Unnamed: 0,fixed acidity,volatile acidity,citric acid,residual sugar,chlorides,free sulfur dioxide,total sulfur dioxide,density,pH,sulphates,alcohol,quality
2213,7.4,0.17,0.29,1.4,0.047,23.0,107.0,0.9939,3.52,0.65,10.4,6
3375,7.8,0.22,0.26,9.0,0.047,38.0,132.0,0.997,3.25,0.53,10.2,6
4596,6.7,0.53,0.29,4.3,0.069,20.0,114.0,0.99014,3.22,0.59,13.4,6
4360,7.3,0.28,0.35,1.6,0.054,31.0,148.0,0.99178,3.18,0.47,10.7,5
269,5.4,0.59,0.07,7.0,0.045,36.0,147.0,0.9944,3.34,0.57,9.7,6
1900,10.0,0.23,0.27,14.1,0.033,45.0,166.0,0.9988,2.72,0.43,9.7,6
4394,6.3,0.2,0.26,12.7,0.046,60.0,143.0,0.99526,3.26,0.35,10.8,6
4002,6.1,0.25,0.48,15.8,0.052,25.0,94.0,0.99782,3.07,0.45,9.2,6
3477,7.6,0.31,0.24,1.8,0.037,39.0,150.0,0.9913,3.05,0.44,11.8,7
971,6.0,0.27,0.19,1.7,0.02,24.0,110.0,0.9898,3.32,0.47,12.6,7


In [45]:
#train_x[0:10]

In [46]:
#train_y[0:10]

In [47]:
#test_x[0:10]

In [48]:
#test_y[0:10]

### 拟合模型，数据预测，精度评估，记录参数。

In [52]:
def learning(alpha = 0.5, l1_ratio = 0.5):
    with mlflow.start_run():
        lr = ElasticNet(alpha=alpha, l1_ratio=l1_ratio, random_state=42)
        lr.fit(train_x, train_y)

        predicted_qualities = lr.predict(test_x)
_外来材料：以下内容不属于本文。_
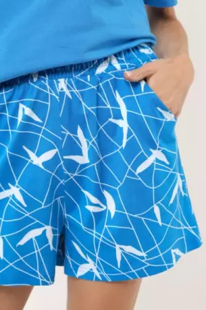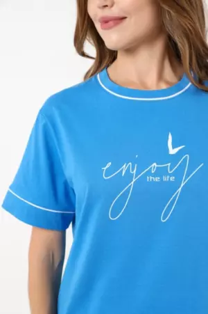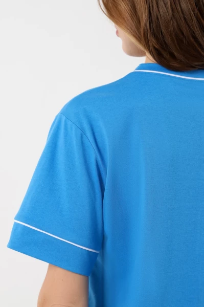 Костюм молодежный из трикотажного полотна «кулирка» в комбинации двух видов полотен: гладкокрашеной и с набивным рисунком, состоящий из футболки и брюк. Футболка – из полотна с набивным рисунком, свободного покроя, с короткими втачными рукавами, горловиной овальной формы, обработанной двойной притачной бейкой из контрастного материала. На полочке принт, выполненный в технике «шелкографии», рукава с отделочными манжетами и кантом.Шорты – из полотна с набивным рисунком, свободные, с карманами в боковых швах, на притачном поясе с эластичной тесьмой внутри. Костюм женский
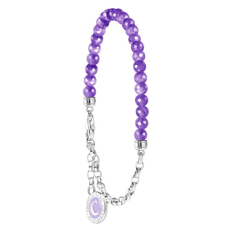 La marque présente ici un charmant bracelet en argent 925 de sa collection As We Dream. Entre modernité et tradition, celui-ci saura se faire au quotidien une place de choixdans votre collection en devenant un indispensable de toutes vos tenues. Il arbore une chaîne en maille forçat polie qui, mesurant 2,50 mm d'épaisseur, est embellie au bout par un rond de 11 mm de diamètre marqué par l'inscription Charm Club Thomas Sabo. Ce dernier apporte à l'ensemble un air dynamique par son centre peint à la main d'émail à froid violet. Maintenues par des embouts et affichant un diamètre de 4 mm, des perles imitation améthyste viennent rehausser le charme de ce bijou par une note raffinée et élégante. Facile à assortir, ce bracelet est disponible en quatre longueurs ci-dessous. Vous pourrez le manier et l'ajuster avec souplesse grâce à son fermoir mousqueton.

        (rmse, mae, r2) = eval_metrics(test_y, predicted_qualities)

        #print("Elasticnet model (alpha=%f, l1_ratio=%f):" % (alpha, l1_ratio))
        #print("  RMSE: %s" % rmse)
        #print("  MAE: %s" % mae)
        #print("  R2: %s" % r2)
        print("Elasticnet model (alpha=%f, l1_ratio=%f): \tRMSE: %s, \tMAE: %s, \tR2: %s" % (alpha, l1_ratio,rmse,mae,r2))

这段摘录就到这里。